The subclassification in PID classes during benchmarking made clear that the various algorithms may have complementary strengths, rather than a single algorithm outperforming all others in all cases. Hence, we hypothesized that an ensemble method might outperform individual methods. Therefore, we developed SANDPUMA (Specificity of AdenylatioN Domain Prediction Using Multiple Algorithms), which combined versions of the prediCAT SNN, prediCAT monophyly, ASM, pHMM and SVM methods that were all retrained on all 928 experimentally supported A domains.

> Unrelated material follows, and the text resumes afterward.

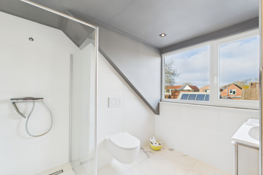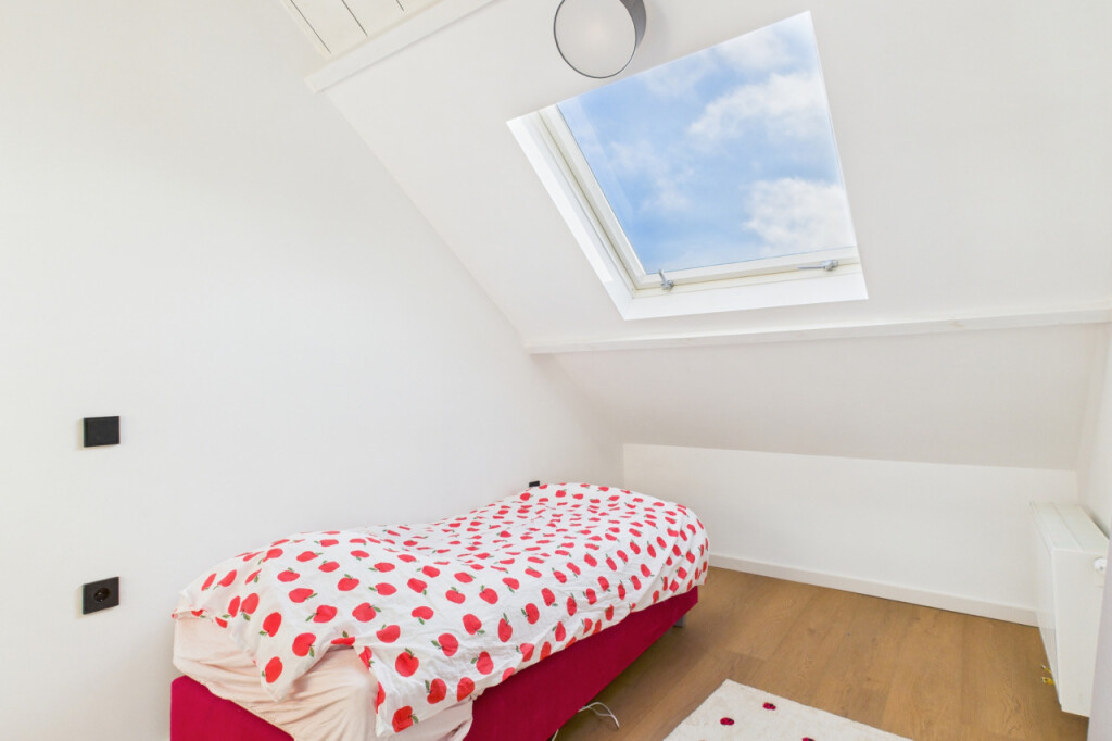 Op de eerste verdieping brengt de overloop je naar twee slaapkamers aan de voorzijde van de woning. Daarnaast is er een tweede, eveneens in 2025 vernieuwde badkamer met douche, toilet en wastafel. De verdieping voelt compact maar praktisch aan, ideaal voor een jong gezin dat fijn wil wonen zonder onnodige ruimtes.

A cross-validation of all 928 domains (see Fig. 4 and Supplementary Fig. S6) served as training data for ensemble substrate predictions. ASM, SVM, prediCAT monophyly and prediCAT SNN methods shared considerable coverage, with 91.4% of queries covered by two or more algorithms and only 5.6% of queries not covered by any method (see Supplementary Fig. S6A). As in the earlier analysis, both prediCAT methods performed well at over 80% accuracy, but had considerable drops in coverage under 80% PID (see Supplementary Fig. S6B and C). On average, ASMs performed best against similar sequences (>60% PID) while prediCAT Monophyly returned the most accurate predictions at lower PIDs (<60%) (see Supplementary Fig. S6B).
SANDPUMA, a decision tree schema, was built to predict specificities based on the protein percent identify (PID) to the training A-domain set and the predictions of the individual ASM, SVM, prediCAT SNN, prediCAT monophyly and pHMM methods. A maximum tree depth of 40 nodes and a minimum leaf support of 10 samples was chosen to maximize accuracy while minimizing the potential of overfitting (see Supplementary Fig. S3). Accuracy assessment of each decision tree path based on cross-validation was used to identify and exclude unreliable paths from the algorithm (see Supplementary Fig. S5), as we reasoned that it would be preferable not to give a prediction if the probability of accurate assignment would be low. A second cross-validation was performed to benchmark the decision tree method, performing individual and ensemble predictions with newly randomized training data. As above, using trusted decision tree paths from the first cross-validation resulted in high accuracy and coverage predictions (see Supplementary Fig. S7). Importantly, the observation that an independent cross-validation does not significantly impact performance provides confidence that our predictive model is robust and accuracy is fairly estimated.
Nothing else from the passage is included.